-- Data excerpts follows --
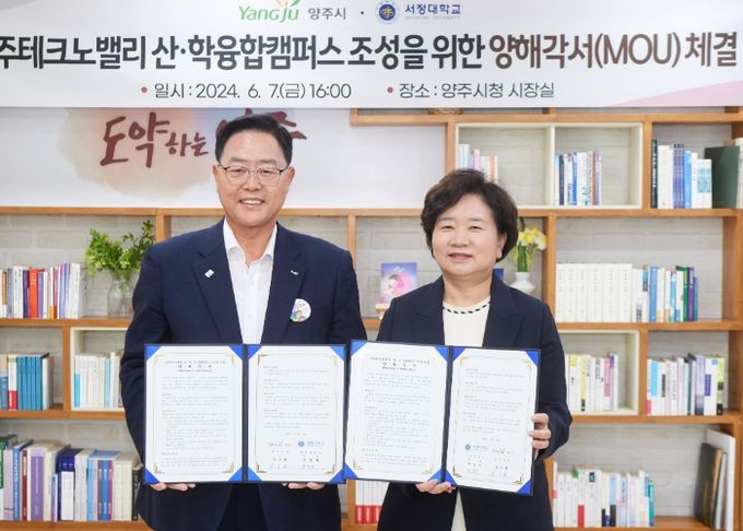 협약에 참석한 강수현 시장과 양영희 총장은 각각 양해각서에 서명하고 산단 캠퍼스를 양주테크노밸리의 혁신 성장거점으로 육성하는 데 상호 협력하기로 약속했다.
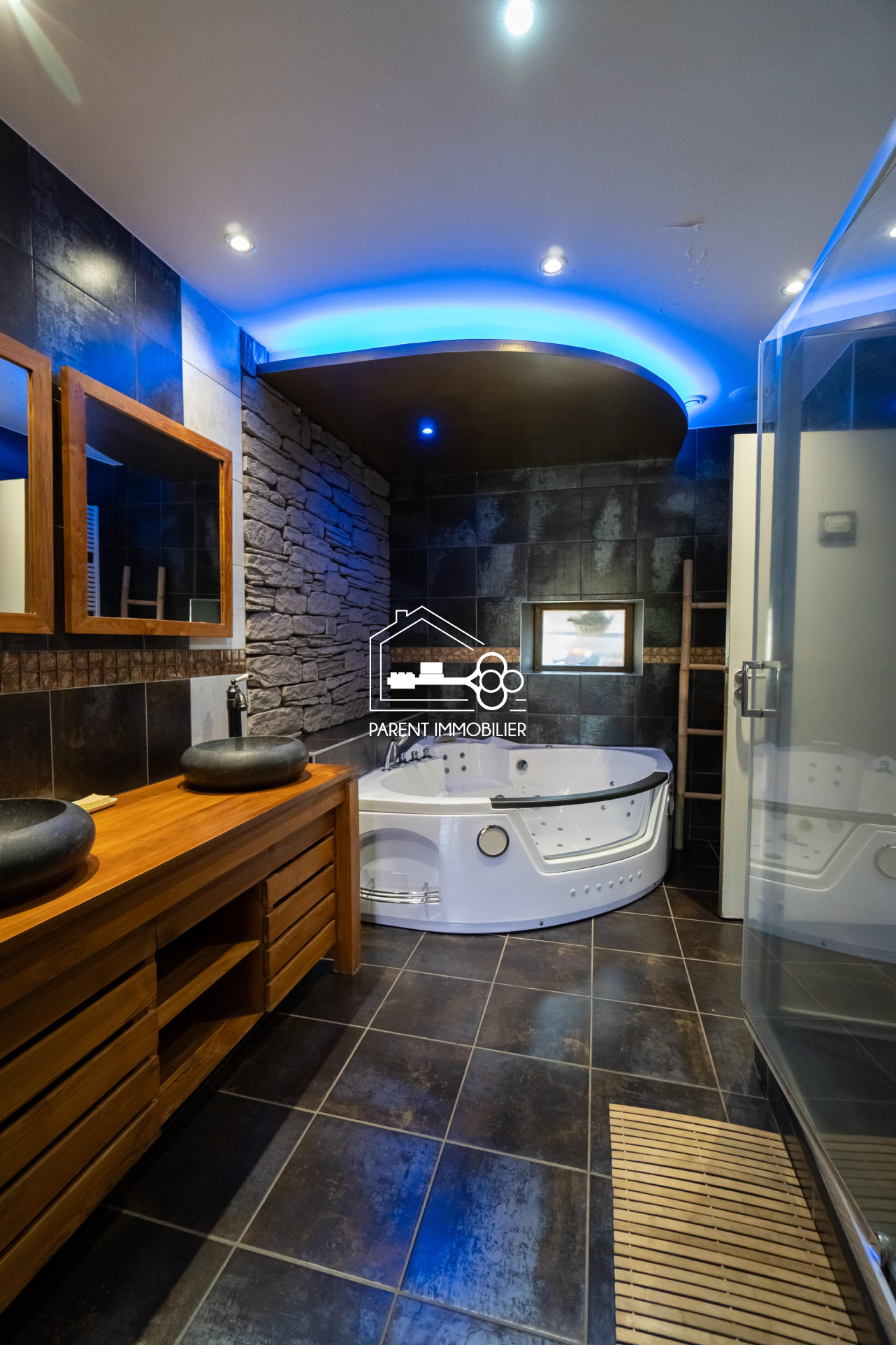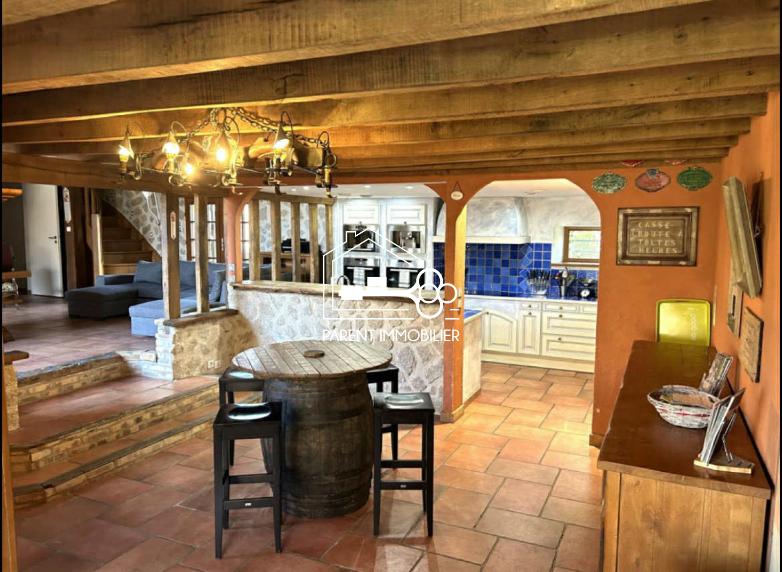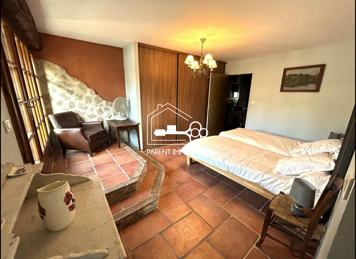 - Rez-de-chaussée : vaste pièce de vie pleine de charme avec poutres apparentes, cheminée et pierres apparentes, cuisine ouverte entièrement équipée, WC séparé, une chambre, une salle de bains avec baignoire à jets et douche.
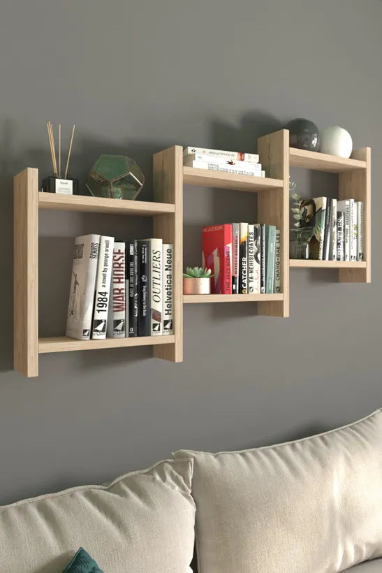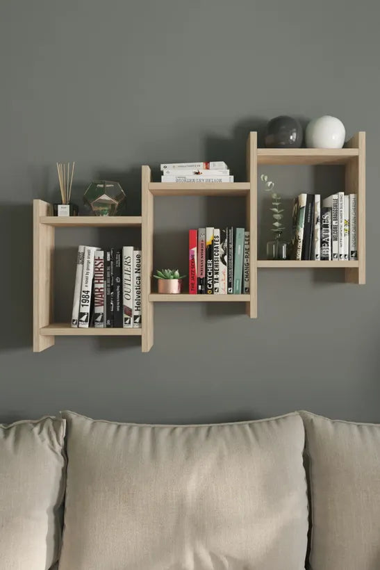 Dekoronya Melodi Dekoratif Duvar Rafı Kitaplık Meşe
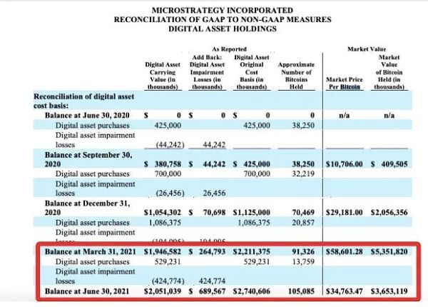 由于二季度 BTC 价格下跌,因此财务报表中也对 BTC 资产进行减值处理。(Odaily星球日报注:根据美国会计规则,当数字资产公允价值(即市场价值)低于账面价值(即投资成本),将要求企业确认减值损失。)
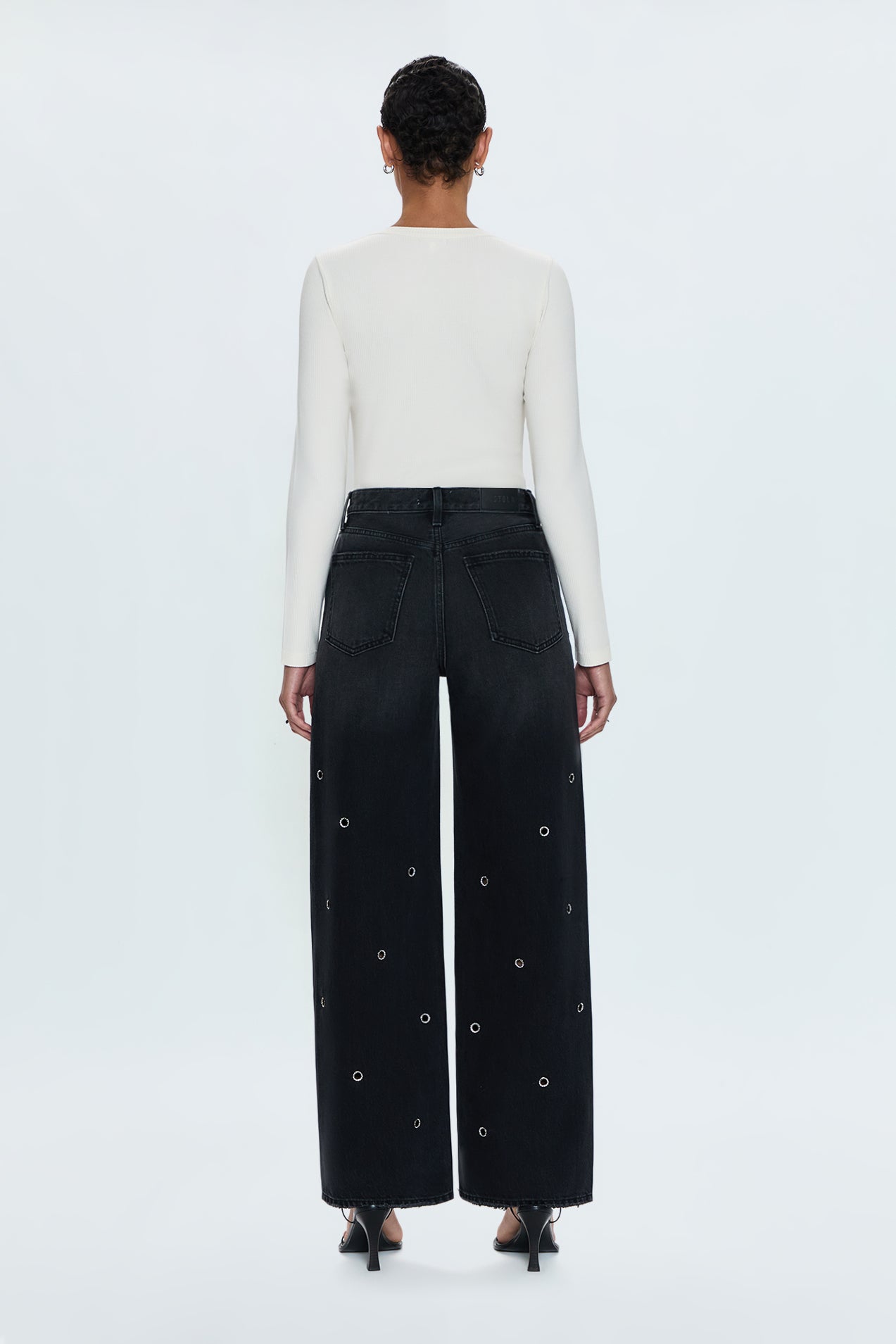 The baggy jean you've been waiting for—the jean that sold out in a week and became an instant influencer favorite. Hendrix delivers effortless cool with a high rise and relaxed baggy silhouette that captures the season's must-have look, finished with a full-length 31" inseam. Intentionally designed to be very baggy, the slouchy fit sits comfortably while the structured shape maintains purposeful proportions. Crafted from 100% cotton rigid non-stretch denim that provides authentic structure and develops character over time. Glamour brings elevated sophistication with its rich black wash and subtle metallic hardware details that add unexpected luxury to the relaxed silhouette. The perfect jean for transitioning from work to dinner—size down if you prefer a more fitted silhouette.
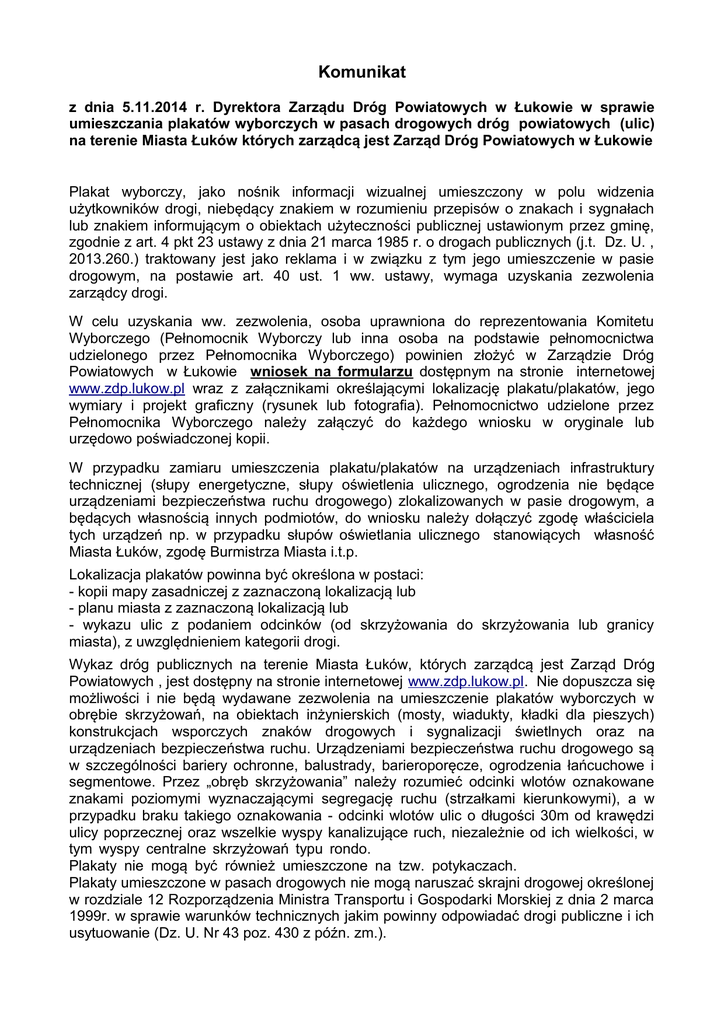 Komunikat z dnia 5.11.2014 r. Dyrektora Zarządu Dróg Powiatowych w Łukowie w sprawie umieszczania plakatów wyborczych w pasach drogowych dróg powiatowych (ulic) na terenie Miasta Łuków których zarządcą jest Zarząd Dróg Powiatowych w Łukowie Plakat wyborczy, jako nośnik informacji wizualnej umieszczony w polu widzenia użytkowników drogi, niebędący znakiem w rozumieniu przepisów o znakach i sygnałach lub znakiem informującym o obiektach użyteczności publicznej ustawionym przez gminę, zgodnie z art. 4 pkt 23 ustawy z dnia 21 marca 1985 r. o drogach publicznych (j.t. Dz. U. , 2013.260.) traktowany jest jako reklama i w związku z tym jego umieszczenie w pasie drogowym, na postawie art. 40 ust. 1 ww. ustawy, wymaga uzyskania zezwolenia zarządcy drogi. W celu uzyskania ww. zezwolenia, osoba uprawniona do reprezentowania Komitetu Wyborczego (Pełnomocnik Wyborczy lub inna osoba na podstawie pełnomocnictwa udzielonego przez Pełnomocnika Wyborczego) powinien złożyć w Zarządzie Dróg Powiatowych w Łukowie wniosek na formularzu dostępnym na stronie internetowej www.zdp.lukow.pl wraz z załącznikami określającymi lokalizację plakatu/plakatów, jego wymiary i projekt graficzny (rysunek lub fotografia). Pełnomocnictwo udzielone przez Pełnomocnika Wyborczego należy załączyć do każdego wniosku w oryginale lub urzędowo poświadczonej kopii. W przypadku zamiaru umieszczenia plakatu/plakatów na urządzeniach infrastruktury technicznej (słupy energetyczne, słupy oświetlenia ulicznego, ogrodzenia nie będące urządzeniami bezpieczeństwa ruchu drogowego) zlokalizowanych w pasie drogowym, a będących własnością innych podmiotów, do wniosku należy dołączyć zgodę właściciela tych urządzeń np. w przypadku słupów oświetlania ulicznego stanowiących własność Miasta Łuków, zgodę Burmistrza Miasta i.t.p. Lokalizacja plakatów powinna być określona w postaci: - kopii mapy zasadniczej z zaznaczoną lokalizacją lub - planu miasta z zaznaczoną lokalizacją lub - wykazu ulic z podaniem odcinków (od skrzyżowania do skrzyżowania lub granicy miasta), z uwzględnieniem kategorii drogi. Wykaz dróg publicznych na terenie Miasta Łuków, których zarządcą jest Zarząd Dróg Powiatowych , jest dostępny na stronie internetowej www.zdp.lukow.pl. Nie dopuszcza się możliwości i nie będą wydawane zezwolenia na umieszczenie plakatów wyborczych w obrębie skrzyżowań, na obiektach inżynierskich (mosty, wiadukty, kładki dla pieszych) konstrukcjach wsporczych znaków drogowych i sygnalizacji świetlnych oraz na urządzeniach bezpieczeństwa ruchu. Urządzeniami bezpieczeństwa ruchu drogowego są w szczególności bariery ochronne, balustrady, barieroporęcze, ogrodzenia łańcuchowe i segmentowe. Przez „obręb skrzyżowania” należy rozumieć odcinki wlotów oznakowane znakami poziomymi wyznaczającymi segregację ruchu (strzałkami kierunkowymi), a w przypadku braku takiego oznakowania - odcinki wlotów ulic o długości 30m od krawędzi ulicy poprzecznej oraz wszelkie wyspy kanalizujące ruch, niezależnie od ich wielkości, w tym wyspy centralne skrzyżowań typu rondo. . Plakaty nie mogą być również umieszczone na tzw. potykaczach. . Plakaty umieszczone w pasach drogowych nie mogą naruszać skrajni drogowej określonej w rozdziale 12 Rozporządzenia Ministra Transportu i Gospodarki Morskiej z dnia 2 marca 1999r. w sprawie warunków technicznych jakim powinny odpowiadać drogi publiczne i ich usytuowanie (Dz. U. Nr 43 poz. 430 z późn. zm.). Zgodnie z § 4 ust. 2 Uchwała nr XXVI/259/2013 Rady Powiatu w Łukowie z dnia 21 sierpnia 2013 r. w sprawie wysokości opłat za zajęcie pasa drogowego dróg powiatowych, dla których zarządcą jest Zarząd Powiatu w Łukowie na cele niezwiązane z budową, przebudową, remontem, utrzymaniem i ochroną dróg (Dz.Urz. Woj. Lub. 2013.3966) za zajęcie pasa drogowego w celu umieszczania w pasie drogowym reklamy obowiązują następujące stawki opłat za każdy dzień zajęcia 1 m2 powierzchni: 1) reklamy o powierzchni nieprzekraczającej 1 m 2 - 2 zł; 2) reklamy o powierzchni przekraczającej 1 m 2 - 3 zł. Pod pojęciem plakat wyborczy należy rozumieć również inne formy materiałów wyborczych tj. tablice, bannery itp. Wnioski wraz z złącznikami jw. należy składać w Zarządzie Dróg Powiatowych w Łukowie 21-400, ul. Łapiguz 112, od poniedziałku do piątku, w godzinach 7:00-15:00. W przypadku złożenia wniosku nie zawierającego wszystkich wymaganych informacji i załączników, wnioskodawca zostanie wezwany do uzupełnienia wniosku, który, do czasu uzupełnienia, pozostanie bez rozpatrzenia. Dyrektor ZDP Stanisław Sokół Załączniki: 1. Wniosek o wydanie zezwolenia 2. Wykaz dróg publicznych Łuków, dnia ………………………….. ….................................................................................. ….................................................................................. (NAZWA KOMITETU WYBORCZEGO) ….................................................................................. (imię i nazwisko pełnomocnika) ….................................................................................. (adres dla korespondencji, nr telefonu pełnomocnika) Zarząd Dróg Powiatowych w Łukowie ul. Łapiguz 112 21-400 Łuków WNIOSEK O WYDANIE ZEZWOLENIA NA UMIESZCZENIE W PASIE DROGOWYM REKLAM – PLAKATÓW WYBORCZYCH Proszę o wydanie zgody zezwalającej na zajęcie pasa drogowego ulicy: ………………………………………………………………………………………………………………… ………………………………………………………………………………………………………………… ………………………………………………………………………………………………......................... w celu umieszczenia plakatów wyborczych w związku z kampanią wyborcz
-- Data excerpts concluded --
[Exercise brief]
Each line from the first line of the records through the line containing "The baggy jean" must be reproduced exactly, with both ends included and all pictures omitted; nothing else belongs in the answer.

[Expected answer]
 협약에 참석한 강수현 시장과 양영희 총장은 각각 양해각서에 서명하고 산단 캠퍼스를 양주테크노밸리의 혁신 성장거점으로 육성하는 데 상호 협력하기로 약속했다.
 - Rez-de-chaussée : vaste pièce de vie pleine de charme avec poutres apparentes, cheminée et pierres apparentes, cuisine ouverte entièrement équipée, WC séparé, une chambre, une salle de bains avec baignoire à jets et douche.
 Dekoronya Melodi Dekoratif Duvar Rafı Kitaplık Meşe
 由于二季度 BTC 价格下跌,因此财务报表中也对 BTC 资产进行减值处理。(Odaily星球日报注:根据美国会计规则,当数字资产公允价值(即市场价值)低于账面价值(即投资成本),将要求企业确认减值损失。)
 The baggy jean you've been waiting for—the jean that sold out in a week and became an instant influencer favorite. Hendrix delivers effortless cool with a high rise and relaxed baggy silhouette that captures the season's must-have look, finished with a full-length 31" inseam. Intentionally designed to be very baggy, the slouchy fit sits comfortably while the structured shape maintains purposeful proportions. Crafted from 100% cotton rigid non-stretch denim that provides authentic structure and develops character over time. Glamour brings elevated sophistication with its rich black wash and subtle metallic hardware details that add unexpected luxury to the relaxed silhouette. The perfect jean for transitioning from work to dinner—size down if you prefer a more fitted silhouette.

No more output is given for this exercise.